6. Data Manipulation

Sorting

# Sort by Age (ascending)  
df_sorted = df.sort_values("Age")  

# Sort by City (descending)  
df_sorted = df.sort_values("City", ascending=False)

Grouping and Aggregation

# Group by City and calculate mean Age  
grouped = df.groupby("City")["Age"].mean()

Apply Functions

# Convert Name to uppercase  
df["Name"] = df["Name"].apply(lambda x: x.upper())  

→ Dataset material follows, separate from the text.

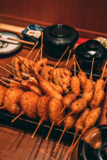 Gifuya Honke Restaurant is located in Shinsekai area of Osaka and sepcializes in deep fried skewers, or kushikatsu. Make sure to come with a big group of friends so you can get an assorted platter so share!

# Vectorized operations (faster than apply)  
df["Age_next_year"] = df["Age"] + 1

7. Merging DataFrames

Combine DataFrames like SQL joins:

df1 = pd.DataFrame({"ID": [1, 2], "Value": [10, 20]})  
df2 = pd.DataFrame({"ID": [2, 3], "Value": [30, 40]})  

# Inner join  
merged = pd.merge(df1, df2, on="ID", how="inner")

8. Use Cases in AI/ML

Data Loading: Import CSV/Excel datasets.
Feature Engineering: Create new columns (e.g., BMI = weight / height²).
Data Cleaning: Handle missing values, outliers.
Exploratory Data Analysis (EDA): Visualize trends with Pandas + Matplotlib/Seaborn.

9. Performance Tips

Vectorization: Avoid loops; use built-in Pandas/NumPy operations.
Use Proper Data Types: Convert columns to category for low-cardinality data.
Avoid Chained Indexing: Use .loc or .iloc instead of df[df.Age > 30]["Name"] (use df.loc[df.Age > 30, "Name"]).

10. Practice Exercise

Load the Titanic dataset (pd.read_csv("titanic.csv")).
Explore the first 5 rows and summary statistics.
Create a new column FamilySize = SibSp + Parch + 1.
Filter passengers older than 30 and group by Pclass to find average fare.

Solution:

# 1. Load data  
titanic = pd.read_csv("titanic.csv")  

# 2. Explore  
print(titanic.head())  
print(titanic.describe())  

# 3. Add FamilySize  
titanic["FamilySize"] = titanic["SibSp"] + titanic["Parch"] + 1  

# 4. Filter and group  
older_passengers = titanic[titanic["Age"] > 30]  
avg_fare = older_passengers.groupby("Pclass")["Fare"].mean()

Key Takeaways

DataFrames are the backbone of data manipulation in Python.
Use .loc/.iloc for row/column access and groupby for aggregations.
Optimize performance with vectorized operations and proper data types.